- _TASK ITEM_: Images don't belong in the copy. Output the rest of the data exactly.

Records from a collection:

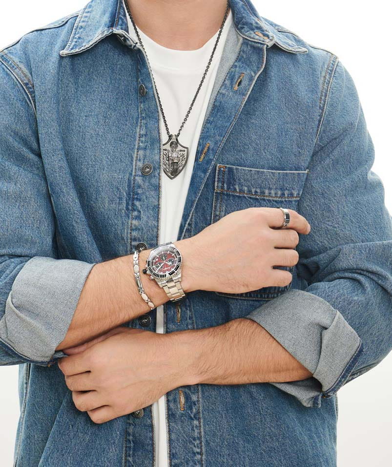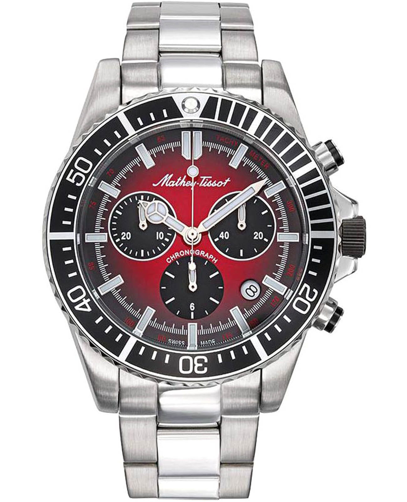 Мужские кварцевые часы-хронографХронографФункция позволяет измерять отрезки времени с особой точностью: часы, минуты, секунды. Верным признаком хронографа является наличие на циферблате 3 дополнительных окошек-счётчиков. с секундомеромСекундомерСекундоме́р — прибор, способный измерять интервалы времени с точностью до долей секунды. Mathey-Tissot Mathy H908CHAR — это стильное сочетание элегантности и современного дизайна. Изящный корпус выполнен из нержавеющей стали, диаметром 42 мм, что придаст образу элегантности и надежности. Изысканный циферблат с метками в виде штрихов придает модели особый блеск. Циферблат защищен минеральным стекломМинеральное стеклоМинеральное стекло представляет собой искусственно выращенный минерал кварца. Такое стекло отличается особой устойчивостью к повреждениям и царапинам. Уступает по некоторым качествам сапфировому стеклу. с сапфировым покрытием, обеспечивает устойчивость к царапинам. Стрелки и метки с люминесцентным покрытиемЛюминесцентное покрытиеПозволяет считывать показания времени в темноте. Производители наносят на стрелки, часовые индексы, безель или поверхность циферблата светонакопительный состав, дающий холодное свечение.. БезельБезельВнешний ободок, закрепляющий стекло. В спортивных часах так называется поворотное кольцо с делениями на циферблате, выполняет роль таймера – замеряет отрезки времени на шкале. Неподвижный безель – элемент декора. Однонаправленно вращающийся безель на дайверских часах позволяет фиксировать моменты погружения и выныривания на поверхность. с PVD-покрытиемPVDУльтратонкое покрытие наносится в технике вакуумного напыления, сочетает в себе нитрид титана особой прочности со слоем золота или оксида хрома. Несёт в себе декоративную или защитную функцию.. Окошко даты находится в положении между 4 и 5 часов. ТахиметрТахиметрРазмеченная шкала, располагается на ободке или безеле часов. Тахиметр позволяет рассчитать скорость на определённом участке пути, расстояние измеряется в километрах или милях. по внешнему краю. Стальной браслет на раскладной застёжке с фиксаторомРаскладная застёжкаТакой тип застёжки используется только на браслетах из металла. Она никогда не раскрывается полностью, происходит разделение на 2 и более частей. Раскладывающая застёжка снизит вероятность потери часов к минимуму., гарантирует комфортное и безопасное ношение. Рифленая заводная головка. Класс водозащиты: 100 метров позволит плавать, нырять и заниматься другими водными видами спорта. Mathey-Tissot  — отличный выбор для тех, кто ценит утонченность и качество.
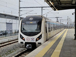 A 2 EMUs of type E 32000 of TCDD ( Turkiye Cumhuriyeti Devlet Demiryollari / Turkish Railways ), at railway station HalkalI using a "Marmaray" transport system in Istanbul.
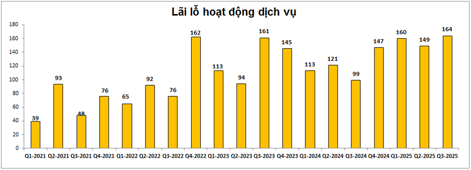 Mảng kinh doanh ngoài lãi của KLB cũng ghi nhận tăng trưởng tốt trong Q3-2025 với 2 mảng đóng góp chính là hoạt động dịch vụ và mảng kinh doanh khác (nghiệp vụ xử lý các khoản nợ xấu). (Hình 5)
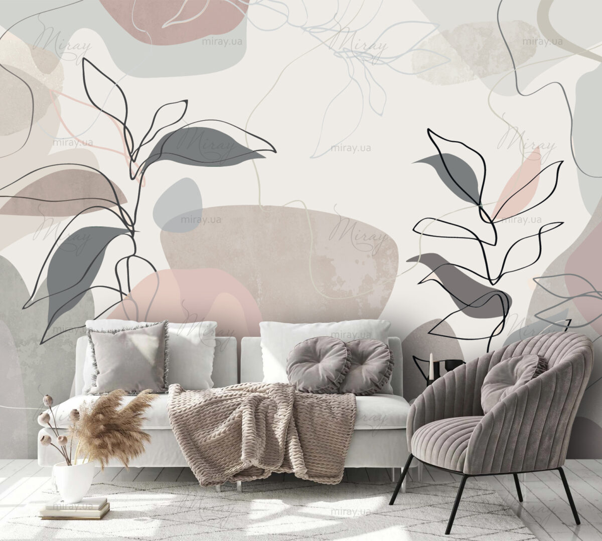 Leaves gray-pink line art
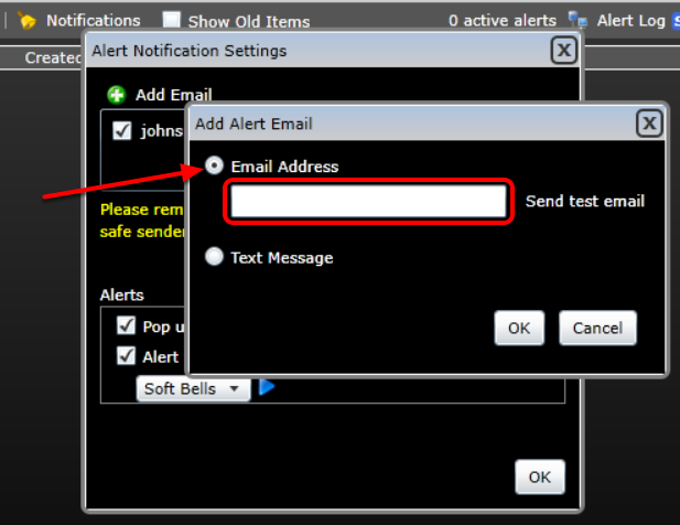 4. Make sure Email Address is selected and type the email you would like to have your alerts sent to.
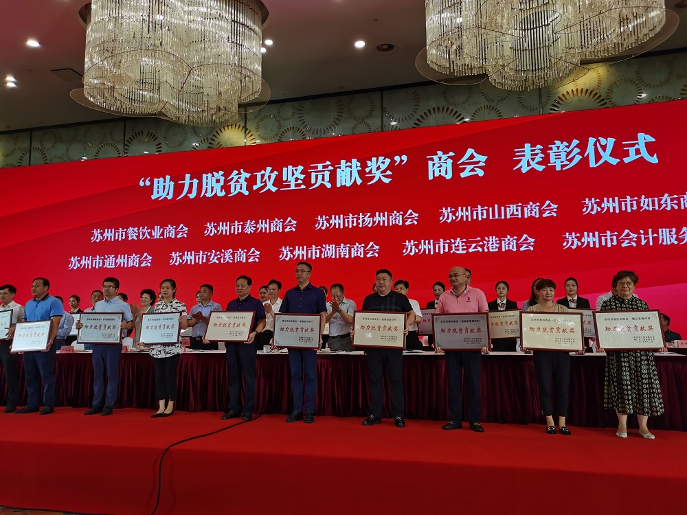 8月5日下午,在苏州市工商联十四届四次常委(扩大)会议暨苏州市民营企业家理想信念报告会上,我商会会长喻四海获得“2019年苏州市优秀商会会长”,我商会被表彰为苏州市“四好”商会,并获得“助力脱贫攻坚贡献奖”。苏州市扬州商会会长喻四海及商会秘书处参加了本次会议。
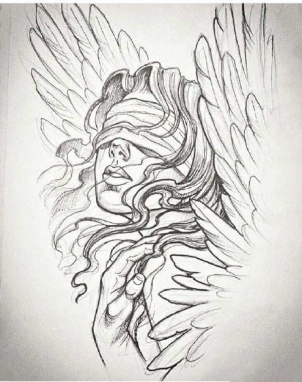 女郎线稿--22张优秀的欧美女郎纹身线稿手稿图案
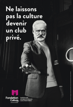 Je ne sais pas si vous avez vu cette campagne publicitaire de la Fondation Cultura, mais pour ma part elle m’a profondément choqué. Comment en effet peut-on faire passer Victor Hugo pour le vigile d’un club privé chargé d’éconduire le commun des mortels qui n’en font pas partie ?
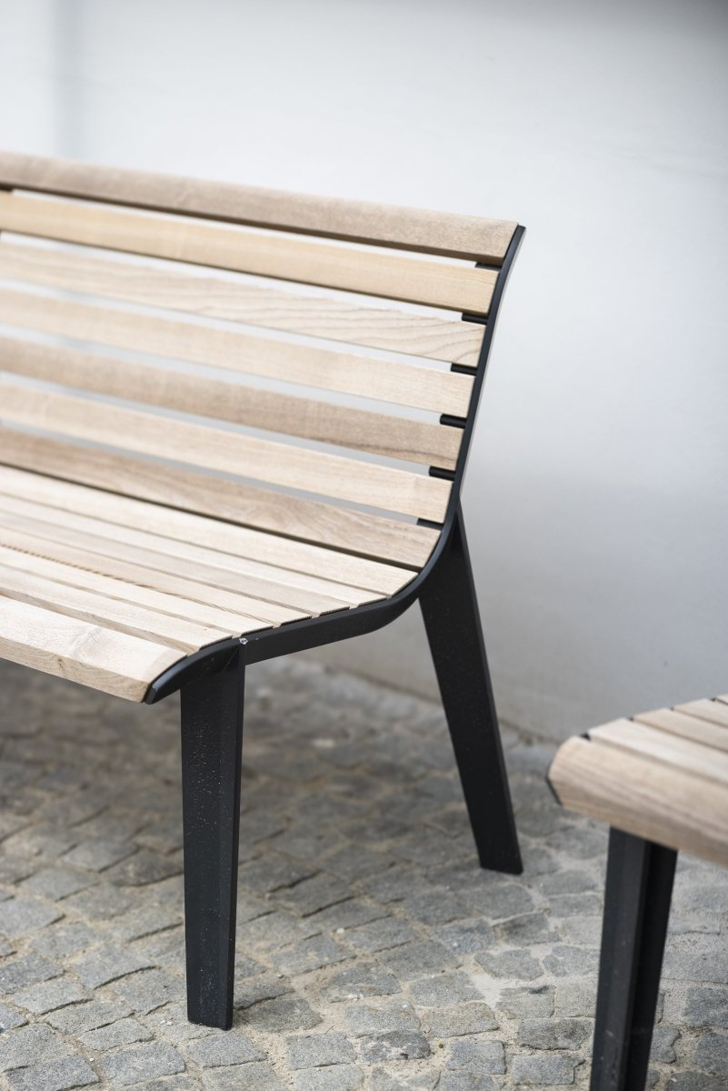 Emau EM151r on kevytlinjainen ja nykyaikainen pihapenkki esimerkiksi puistoihin ja muihin kaupunkitiloihin. Emau-sarjan penkit ottavat inspiraatiota 1960-luvun minimalistisesta arkkitehtuurista. Tässä penkissä se näkyy esimerkiksi kapealinjaisessa ja huomaamattomassa sivuprofiilissa.
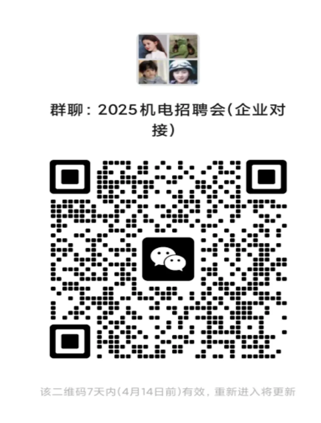 每家参会单位入校招聘人员不超过2人,各参会单位请于2025年4月8日15:00前点击链接(//www.wjx.cn/vm/h702XXj.aspx# )或扫描下方二维码填写入校人员名单,并加入微信群聊。

- _ANSWER BOX_:
 Мужские кварцевые часы-хронографХронографФункция позволяет измерять отрезки времени с особой точностью: часы, минуты, секунды. Верным признаком хронографа является наличие на циферблате 3 дополнительных окошек-счётчиков. с секундомеромСекундомерСекундоме́р — прибор, способный измерять интервалы времени с точностью до долей секунды. Mathey-Tissot Mathy H908CHAR — это стильное сочетание элегантности и современного дизайна. Изящный корпус выполнен из нержавеющей стали, диаметром 42 мм, что придаст образу элегантности и надежности. Изысканный циферблат с метками в виде штрихов придает модели особый блеск. Циферблат защищен минеральным стекломМинеральное стеклоМинеральное стекло представляет собой искусственно выращенный минерал кварца. Такое стекло отличается особой устойчивостью к повреждениям и царапинам. Уступает по некоторым качествам сапфировому стеклу. с сапфировым покрытием, обеспечивает устойчивость к царапинам. Стрелки и метки с люминесцентным покрытиемЛюминесцентное покрытиеПозволяет считывать показания времени в темноте. Производители наносят на стрелки, часовые индексы, безель или поверхность циферблата светонакопительный состав, дающий холодное свечение.. БезельБезельВнешний ободок, закрепляющий стекло. В спортивных часах так называется поворотное кольцо с делениями на циферблате, выполняет роль таймера – замеряет отрезки времени на шкале. Неподвижный безель – элемент декора. Однонаправленно вращающийся безель на дайверских часах позволяет фиксировать моменты погружения и выныривания на поверхность. с PVD-покрытиемPVDУльтратонкое покрытие наносится в технике вакуумного напыления, сочетает в себе нитрид титана особой прочности со слоем золота или оксида хрома. Несёт в себе декоративную или защитную функцию.. Окошко даты находится в положении между 4 и 5 часов. ТахиметрТахиметрРазмеченная шкала, располагается на ободке или безеле часов. Тахиметр позволяет рассчитать скорость на определённом участке пути, расстояние измеряется в километрах или милях. по внешнему краю. Стальной браслет на раскладной застёжке с фиксаторомРаскладная застёжкаТакой тип застёжки используется только на браслетах из металла. Она никогда не раскрывается полностью, происходит разделение на 2 и более частей. Раскладывающая застёжка снизит вероятность потери часов к минимуму., гарантирует комфортное и безопасное ношение. Рифленая заводная головка. Класс водозащиты: 100 метров позволит плавать, нырять и заниматься другими водными видами спорта. Mathey-Tissot  — отличный выбор для тех, кто ценит утонченность и качество.
 A 2 EMUs of type E 32000 of TCDD ( Turkiye Cumhuriyeti Devlet Demiryollari / Turkish Railways ), at railway station HalkalI using a "Marmaray" transport system in Istanbul.
 Mảng kinh doanh ngoài lãi của KLB cũng ghi nhận tăng trưởng tốt trong Q3-2025 với 2 mảng đóng góp chính là hoạt động dịch vụ và mảng kinh doanh khác (nghiệp vụ xử lý các khoản nợ xấu). (Hình 5)
 Leaves gray-pink line art
 4. Make sure Email Address is selected and type the email you would like to have your alerts sent to.
 8月5日下午,在苏州市工商联十四届四次常委(扩大)会议暨苏州市民营企业家理想信念报告会上,我商会会长喻四海获得“2019年苏州市优秀商会会长”,我商会被表彰为苏州市“四好”商会,并获得“助力脱贫攻坚贡献奖”。苏州市扬州商会会长喻四海及商会秘书处参加了本次会议。
 女郎线稿--22张优秀的欧美女郎纹身线稿手稿图案
 Je ne sais pas si vous avez vu cette campagne publicitaire de la Fondation Cultura, mais pour ma part elle m’a profondément choqué. Comment en effet peut-on faire passer Victor Hugo pour le vigile d’un club privé chargé d’éconduire le commun des mortels qui n’en font pas partie ?
 Emau EM151r on kevytlinjainen ja nykyaikainen pihapenkki esimerkiksi puistoihin ja muihin kaupunkitiloihin. Emau-sarjan penkit ottavat inspiraatiota 1960-luvun minimalistisesta arkkitehtuurista. Tässä penkissä se näkyy esimerkiksi kapealinjaisessa ja huomaamattomassa sivuprofiilissa.
 每家参会单位入校招聘人员不超过2人,各参会单位请于2025年4月8日15:00前点击链接(//www.wjx.cn/vm/h702XXj.aspx# )或扫描下方二维码填写入校人员名单,并加入微信群聊。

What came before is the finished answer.